Paper help Finance Order answer: I need solution without excel. I need you to solve them manually, I need to do them in MS WORD, s…

Finance

Order answer: I need solution without excel. I need you to solve them manually, I need to do them in MS WORD, s…

I need solution without excel. I need you to solve them
manually, I need to do them in MS WORD, so please don’t use
excel I need help in Finance. the case study started here that
Shiner Threads Limited (STL) is in the business of textile and is a
renowned supplier of toddler and teens outfits in the industry. The
company is equipped with hi-tech machinery and is recognized for
its unique designs. Due to its key investment in technology and
human capital, company’s financials of last five years depict a
continuous increasing trend in sales and profits at the rates of
30% and 35% respectively. Company’s management is now planning to
expand its business operations, for which, Research and Development
(R&D) department of STL has proposed following three Mutually
Exclusive projects based on their market surveys: (It is notable that feasibility report
of each project is based on the estimates of six years). The first project proposed by R&D
is to open company’s own Clothing Stores. Estimates presented in
the feasibility report tell that this project requires an
investment of Rs. 1,950,000. This will generate after tax cash
inflows of Rs. 400,000 each in the first and second years, Rs.

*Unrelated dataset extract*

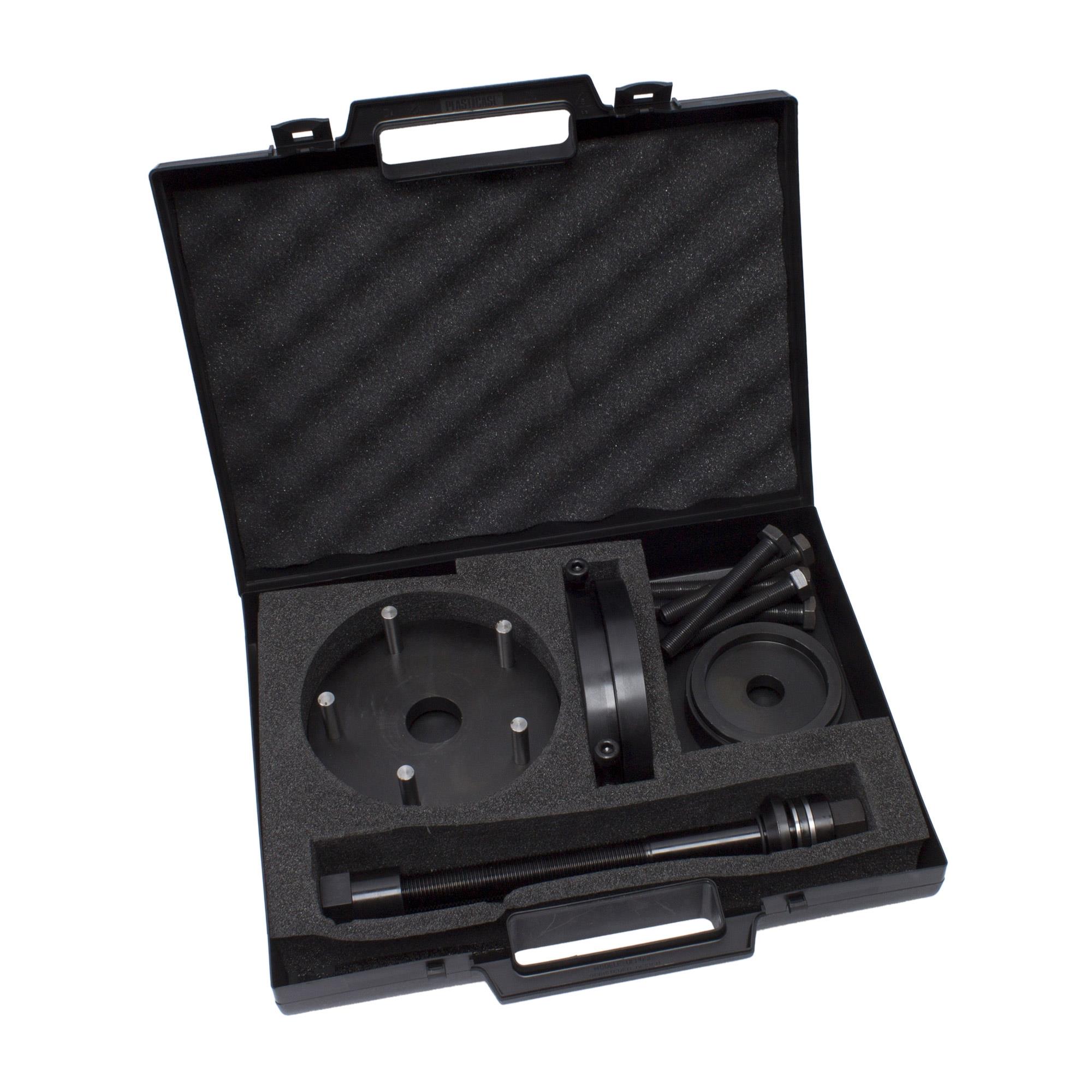 Spezialwerkzeug-Satz zum Aus- und Einpressen von Kompaktradlagern an der Hinterachse, ohne den Achsschenkel und ABS-Sensor auszubauen. Geeignet für viele Transporter/Vans von Citroen, Opel, Peugeot und Toyota.

600,000 each in 3rd , 4th & 5th years while Rs. 900,000 in 6th
year. Other information which has been provided in the report is as
follow: The second project proposed by R&D
is to open Consultancy Centers. These centers will aim to provide
consultancy services to other factories of the industry and to its
buyers regarding their real- life problems of doing business. This
project requires an initial cost of Rs. 900,000 while it will
generate after tax cash inflows of Rs. 300,000 each in first five
years and Rs. 500,000 in 6th year. The required rate of return for
the project is 28%. However, the feasibility report for this
project is not very much comprehensive as it is providing
information only about capital budgeting measure of IRR which is
approximately 26.7%. The third project proposed by R&D
is to open Skill Development Cells. The aim of these development
cells will be to launch different professional training courses in
the market. The initial investment required for this project is Rs.
1,270,000. This project also requires net working capital of Rs.

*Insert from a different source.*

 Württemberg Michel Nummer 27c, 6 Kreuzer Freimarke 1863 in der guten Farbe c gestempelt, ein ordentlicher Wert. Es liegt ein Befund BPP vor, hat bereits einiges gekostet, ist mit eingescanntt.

180,000 at the start of the project which will be recovered at the
end of 6th year. After tax cash inflows estimated to be generated
from this project are as follows: It
can be observed that the feasibility report of is providing values against all capital budgeting
measures except IRR. So, you are required to determine the
approximate value of IRR to complete the report. (5 Marks) Although the information provided in feasibility report of is missing for most of the capital
budgeting measures, however, you are required to determine only the
values of NPV & Profitability Index (PI) for this project. (5
Marks) Determine the missing values of NPV and Payback period for to complete its feasibility report. (8
Marks) After finding out all the required values of each project, analyze
which of the projects should be selected by STL and why? (2
Marks)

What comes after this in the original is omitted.